# Wer kennt die Schöne...



## Padderson (11 Juli 2012)

...aus der Werbung mit dem Schlankheitsmittel formoline L112? Da unterhält sich im Kaffee eine hübsche Blondine mit einer noch hübscheren Brünetten über Figur halten trotz Naschen. Den Namen der Brünetten wüßte ich zu gerne, vielleicht sogar das eine oder andere Bild. 

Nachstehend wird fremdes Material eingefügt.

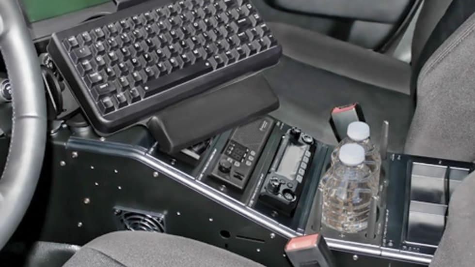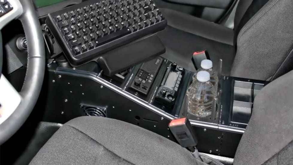 The new RAM console for the Dodge Charger police package requires no leg kit or top plate, making it almost 15 pounds lighter than its predecessor, yet still just as tough. Custom fit for the Charger and available as a completed kit or as separate components.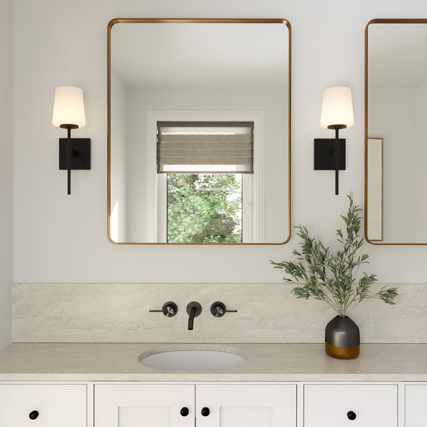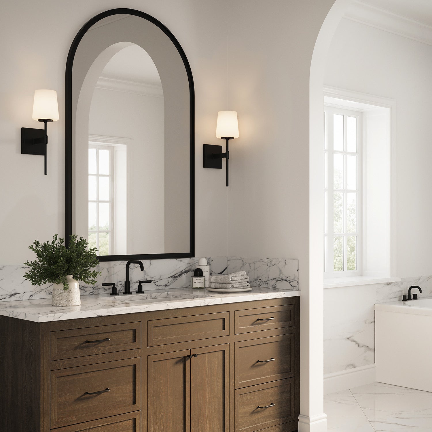 The Blake Vanity Collection references a classic silhouette paired with a modern, sleek finish in distinctive matte black. Versatile and stylish, this transitional wall sconce makes a wonderful addition to your primary bathroom vanity and adds sophistication to your powder room. Featuring a slim arm mounted to a square backplate, supporting a beautiful frosted glass shade, this 16” tall wall light provides soft illumination for your room. The Blake is also available in a coordinating 24" 3 light bathroom vanity.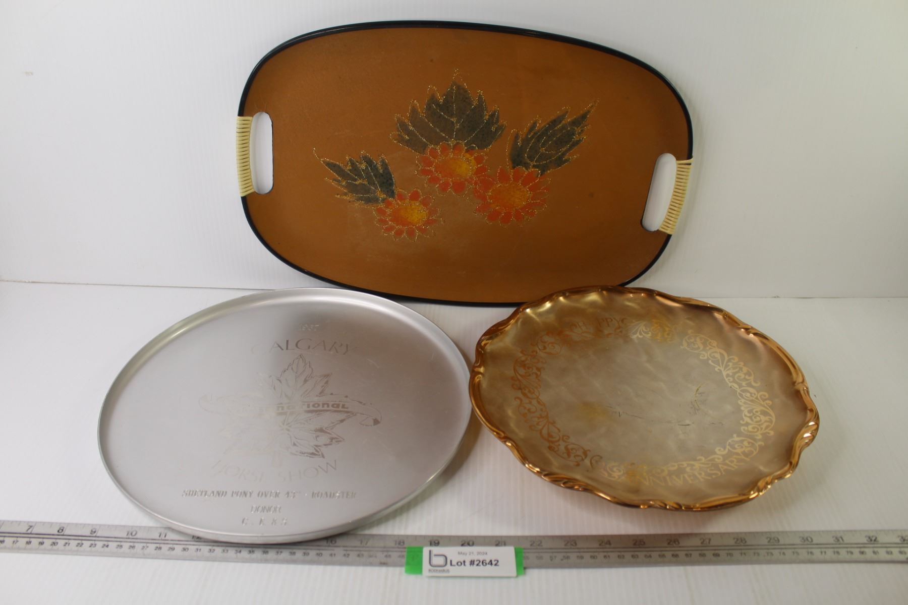 1967 Calgary Horse Show Metal Tray - Anniversary Tray - Resin Tray w/Flowers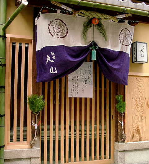 京都旧家の門松はいたって質素です。写真のような飾りが一般的 です。根のついた「根引きの松」を根が付きますようにとの願いから 使います。根の付いた細い若松を白い半紙に巻き、紅白の水引を 結びます。写真は料理屋なので暖簾がありますが、暖簾を除いた 根引きの松と〆飾りが一般的な京都のお正月飾りです。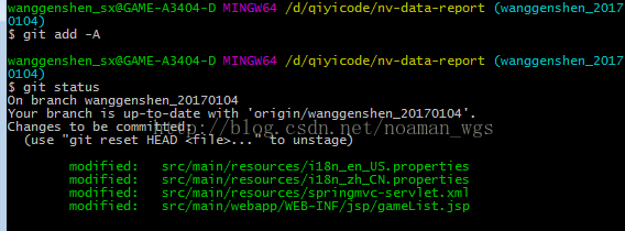 2 $ git add -A:添加所有要上传的文件(代码)

Vielen Dank für Eure Unterstützung


----------



## TobiasB (11 Juli 2012)

Und was haste davon???


----------



## DER SCHWERE (11 Juli 2012)

hey padderson. 1 hab ich :thumbup:


Karoline von Wilcke



​
mehr bilder HIER http://www.celebboard.net/deutsche-...ilcke-formoline-112-spot-12x.html#post1349878


----------



## Padderson (11 Juli 2012)

genial - :thx:
Von der anderen haste nicht zufällig auch einen Namen oder ein Bild?


----------



## DER SCHWERE (12 Juli 2012)

Noch nicht aber wer weis was das Netz noch hergibt​


----------



## MarkyMark (12 Juli 2012)

Oh, Schwerer...da hätte ich auch was...klinke mich mal frech ein...die schöne Frau aus der aktuellen Duplowerbung an der Haltestelle...im Hintergrund läuft ein französischer Track...weißt du denn auch, wie DIESE Frau heißt? Da fand ich bislang nichts.

PS sorry für´s OT


----------



## Claudia (12 Juli 2012)

MarkyMark schrieb:


> Oh, Schwerer...da hätte ich auch was...klinke mich mal frech ein...die schöne Frau aus der aktuellen Duplowerbung an der Haltestelle...im Hintergrund läuft ein französischer Track...weißt du denn auch, wie DIESE Frau heißt? Da fand ich bislang nichts.
> 
> PS sorry für´s OT



das sollte von *Ben l'oncle Soul - Petite soeur* sein


*
*


----------



## MarkyMark (12 Juli 2012)

happy010 den Track kenn ich Mama, mir gehts um die FRAU in der Werbung happy010


----------